I'm genuinely appalled by this response. I know you're trying to show things from the point of view of the police but I think you're just confirming many people's point of view that the police are ideologically captured, lazy, and can only be bothered to go for the low hanging fruit, thus making it easy for a political lobby group to manipulate the police into serving their interests rather than those of the general public.
You seem to be implying that if someone from this particular special group cries hard enough about how someone triggered their anxiety by taking a photograph of a sticker, instead of suggesting they make an appointment with their GP to seek help with their mental health problems, it is reasonable to pay a visit to a completely innocent person who has done nothing wrong and quiz them about their behaviour and beliefs.
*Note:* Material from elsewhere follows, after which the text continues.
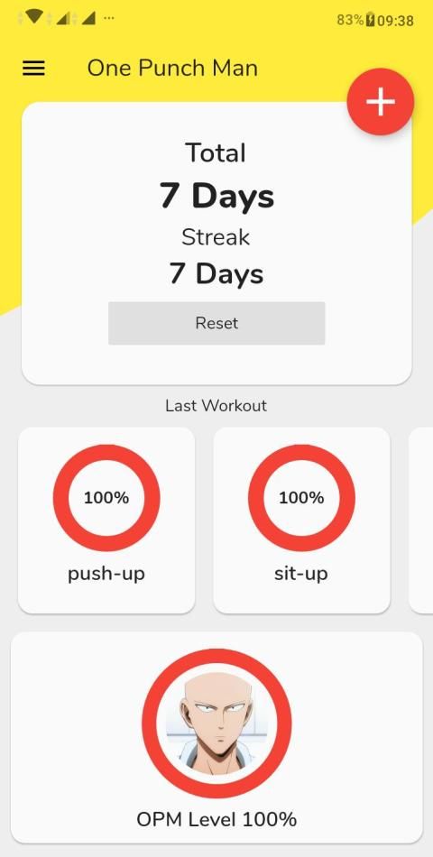 Pelacak Latihan One Punch Man melacak jumlah latihan yang dilakukan dalam sehari. Tantangan One Punch Man termasuk melakukan 100 squat, 100 pushups, 100 situps dan lari 10 km setiap hari. Terlepas dari 4 latihan ini, latihan umum lainnya juga ditambahkan dan opsi untuk menyesuaikan jumlah latihan.
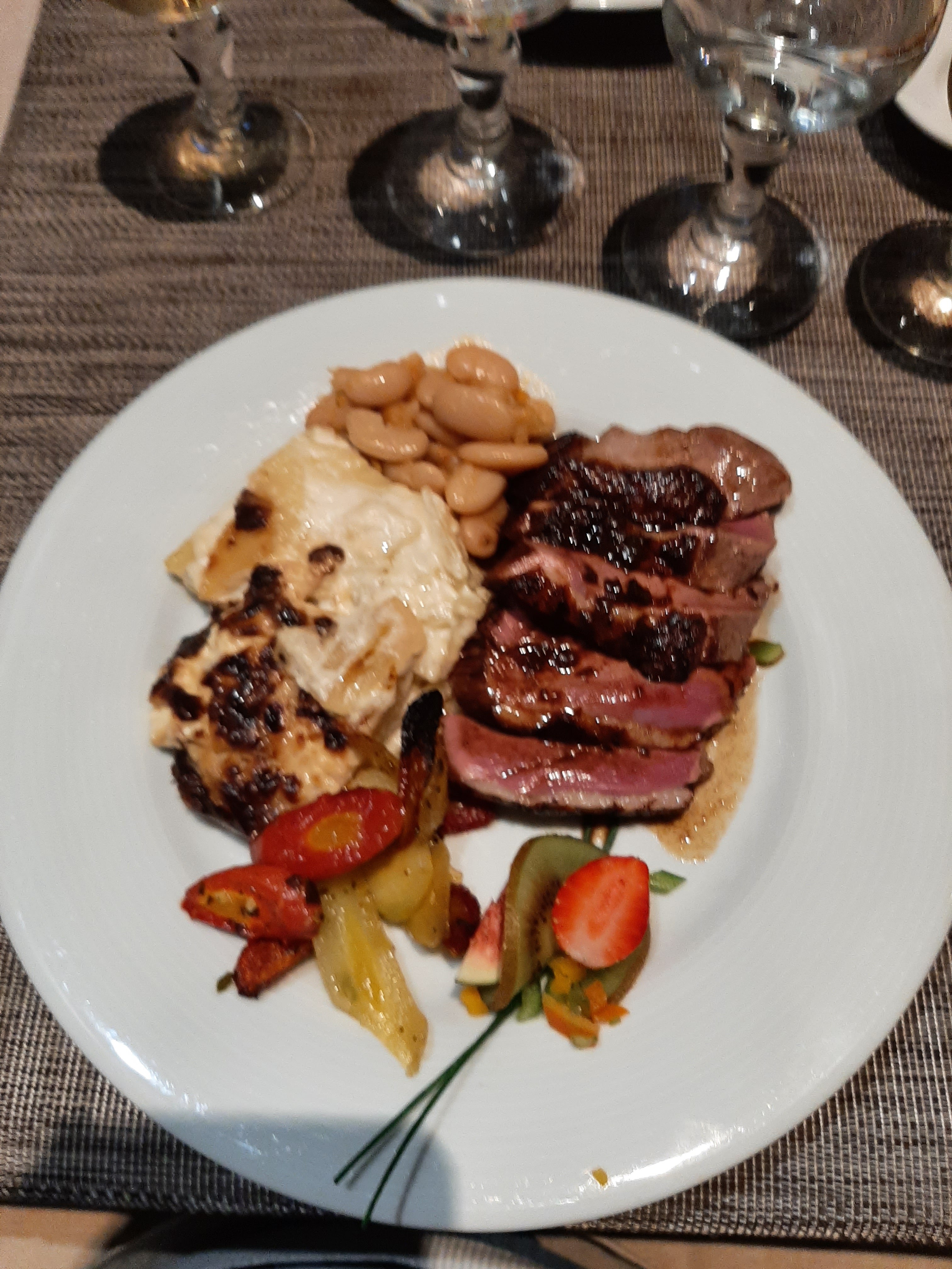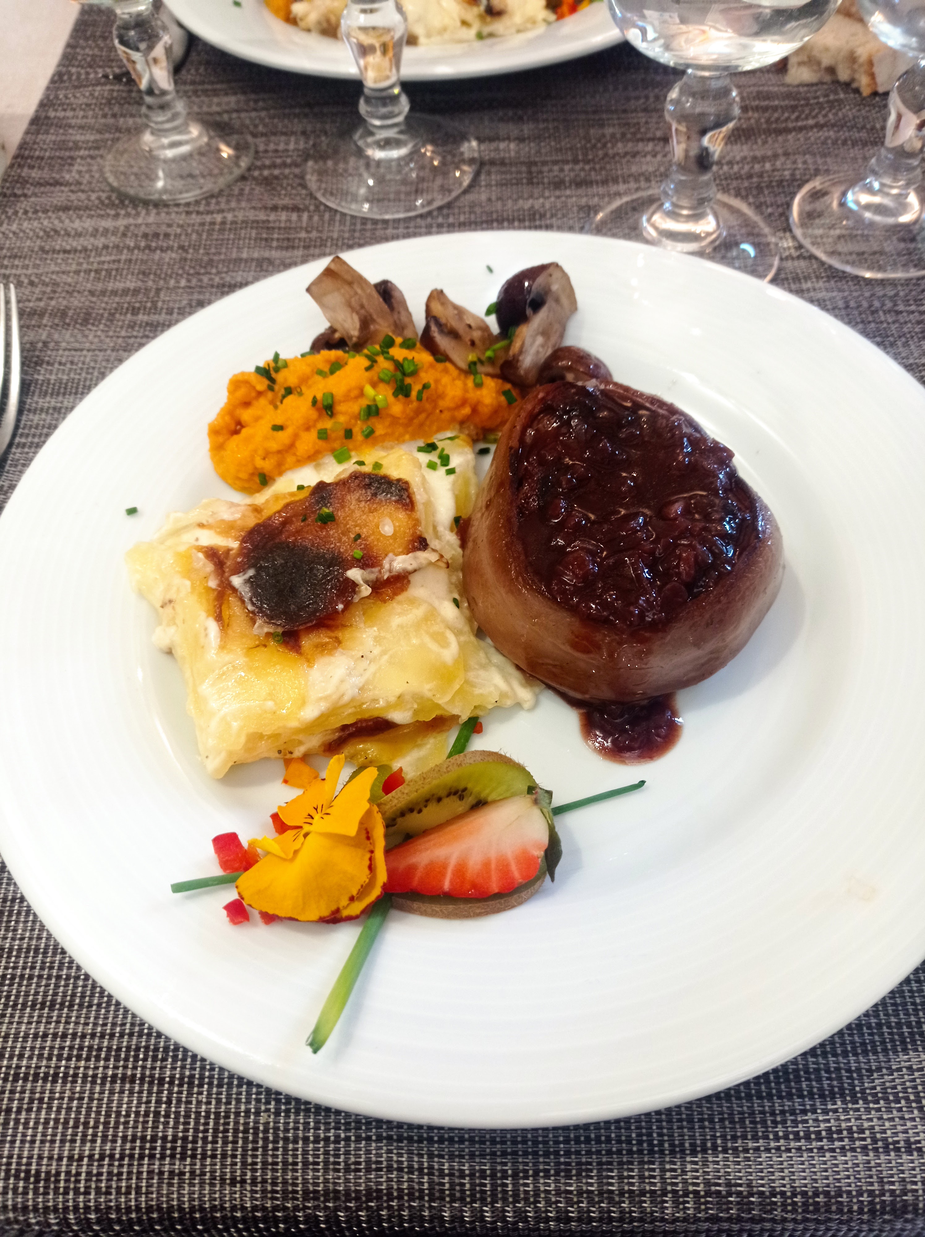 Foie gras succulent avec sa tarte tatie,tournedos exceptionnel et dessert excellent n'hésitez pas allez-y !@@

Has it not occurred to you that a visit from the police over something as trivial, and indeed non criminal, as taking a photo of a sticker, might cause distress and anxiety to that person? That they then might live their life in a constant state of fear about whether they might get another visit from the police if they are seen looking funny at a trans person, or commenting that they don't think Isla Bryson should have been sent to a women's prison under an article that appeared on their news feed on Facebook? That they might worry about the potential consequences of their name being known to the police in connection with a "non hate crime incident"?
What a ridiculous concept anyway.
Surely a "non hate crime incident" is a "non crime", i.e. something the police should not be bothering you about (but might anyway if they think their job is to do the bidding of TQ+ activists rather than, you know, preventing, dealing with and investigating actual crimes.
Your post has me thinking that we need some sort of access to justice for people who are harassed by the police in this way. That we need a system whereby people like this woman can make a formal complaint about the police which is investigated by an independent third party, and have the right to information about what action was taken against both the vexatious complainant and the officer who made the call to attend their home.
We need people who make complaints about things like this to be subject to fines, but it appears that if the police were responsible for issuing the fines the system would be a non starter, so it needs to be administered independently of the police and have the power to sanction individual police officers who side with the cry bullies when there is clearly no case to answer, causing harm and distress to completely innocent parties.